Пошлость сказал, конечно, но она самодовольно улыбнулась.
- Не сомневаюсь, но я по делу.
- Ты же говорила, что по работе?
- Это одно и то же.
- Для кого как. Для меня, например, работа – это работа, и только. А дело – это, скорее, личное.
Она что-то лихорадочно соображала и молчала. А я продолжал:
- То есть ты сама не знаешь, чего хочешь. Так получается?
- Да. В смысле - нет. Короче, у меня к тебе предложение. Я…
- Не, не, не… Я жениться не собираюсь, - перебил я.
- Да я не об этом. Я о своих коллегах хочу поговорить.
- Нашла с кем о коллегах разговаривать. Если б ты их убить решила, то другое дело, а так…
Я откровенно балагурил, издевался, загоняя в тупик молодую и неопытную собеседницу. Ощущая себя матёрым волком местной журналистики (ну а что, если уж «такие» на шею бросаются?), я предчувствовал быструю победу, особо желанную ещё вчера. Но она удивила:
- Будем считать, что уже бывших коллегах...
- Это в принципе меняет дело, - торжественно заявил я, теряя всякую уверенность в своём начинании и предчувствуя очередную сенсацию. – Пойдём-ка, тут недалеко…
Знаменитая «литературка» была рядом, всего лишь через дом, но я повёл её не туда…
...В пив-баре «Старый Бремен» было шумно – сказывался большой перерыв между второй и третьей парами ближайшего института. Свободного столика, кроме как у входа, не было, что меня никак не устраивало. Кивком поприветствовав знакомого бармена и показав ему два растопыренных пальца, мы с Дашей уселись за стойку. Косенький бармен Серёга, по прозвищу Хичкок, выкатил два пузатых стакана фирменного пива.
- Ну, давай к телу, - сказал я.
- Дело в том… - начала, было, Даша, на сей раз, проигнорировав мою пошлость, но я её прервал.

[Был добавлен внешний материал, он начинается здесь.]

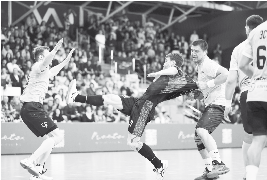
СКИФ пытался всеми способами остановить «Виктор»
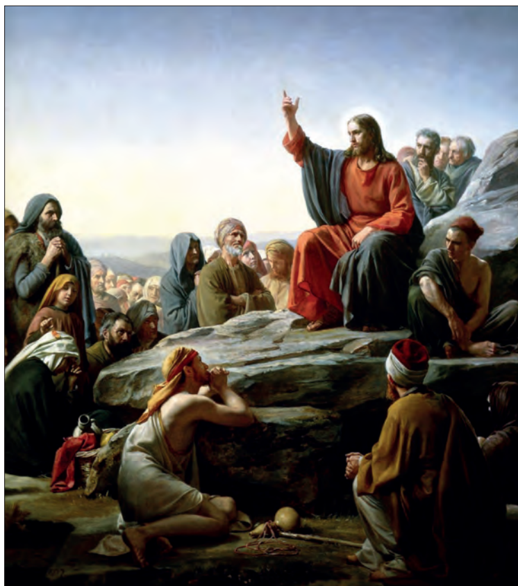
9. Carl Bloch, Kazanie na górze , ok. 1870, Kopenhaga, kaplica na zamku Frederiksborg; za: https://en.wikipedia.org/wiki/Carl_Bloch , [24.10.2022] domena publiczna

Spośród innych przykładów ujęcia tematu najbardziej istotne jest dla nas bliższe czasowo dzieło Duńczyka Carla Blocha (ur. w Kopenhadze w 1834 – zm. tamże w 1890), który przez wiele lat żył i pracował w Rzymie 20 (il. 9). Jest to obraz ze stworzonego przez artystę dużego cyklu, obejmującego 23 prace ilustrujące życie Jezusa, powstałego w latach 1865–1879 dla kaplicy zamku Frederiksborg w Kopenhadze. Cykl ten cieszył się w owym czasie dużym uznaniem i zdobył znaczny rozgłos 21 .
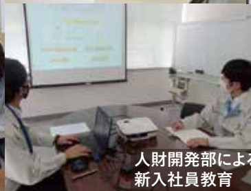
人財開発部による 新入社員教育
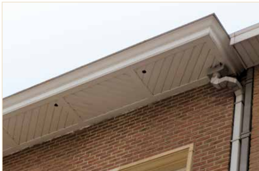
Photo 8 – Trous réalisés dans la corniche d'un bâtiment, lors d'une réfection de toiture / Holes made for Swifts in the cornice of a building during roof repairs

nouvelles ou anciennes corniches. Selon les cas, elles offrent de 1 à 13 logettes. Au total, cela représente 96 cavités.
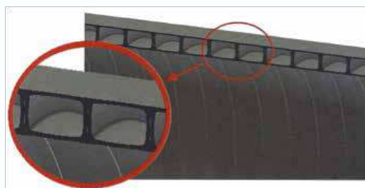
Detalhe do perfil KANAWEHOLITE

A KANAFLEX produz o tubo KANAWEHOLITE na Unidade de Embu das Artes /SP, a partir de um composto de polietileno de alta densidade, nos diâmetros que variam de DN/DI 800 até 3000 mm e podem ser fornecidos em classes de rigidez SN2 ou SN4. Os tubos são normalmente produzidos em comprimentos de 6 ou 12 metros, porém outros comprimentos podem ser fornecidos mediante consulta prévia. Os comprimentos dos tubos acabados têm uma tolerância de \pm 50 mm (23°C). O processo de fabricação é executado por extrusão. A parede do tubo KANAWEHOLITE consiste em perfis retangulares ocos, enrolados helicoidalmente, unidos através de soldagem, formando uma parede estruturada com superfícies externa e interna lisas, como se observa na figura abaixo:
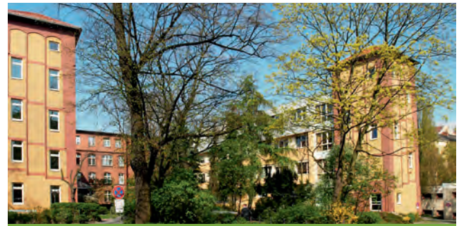
Evangelische Elisabeth Klinik

- Нету тела, нет и дела, - не унимался я. – Впрочем, всё равно давай…
- Я учусь на журфаке, на заочном. В «Правде» работаю потому, что без опыта никуда больше не берут, а у вас, насколько я знаю, всё более демократично и таланты ценят по достоинству.
- Есть такое дело, - весомо отметил я, рисуясь, приглаживая редеющую шевелюру. – И?
- Я хочу к вам…
- Но ты понимаешь, что ваша воинствующая конторка нам не товарищ?
- Понимаю, - ответила она, сделала большой глоток, и добавила, - поэтому и предлагаю сделку – буду двойным агентом. Буду вам сливать все их происки, а им засылать вашу дезу. Ну, как идейка?
Я задумался. В отличие от языка, мысли ворочались тяжело. Запотевший стакан холодил руку. Обострённое постпохмельем желание молодого тела мыслительным процессам также не способствовало.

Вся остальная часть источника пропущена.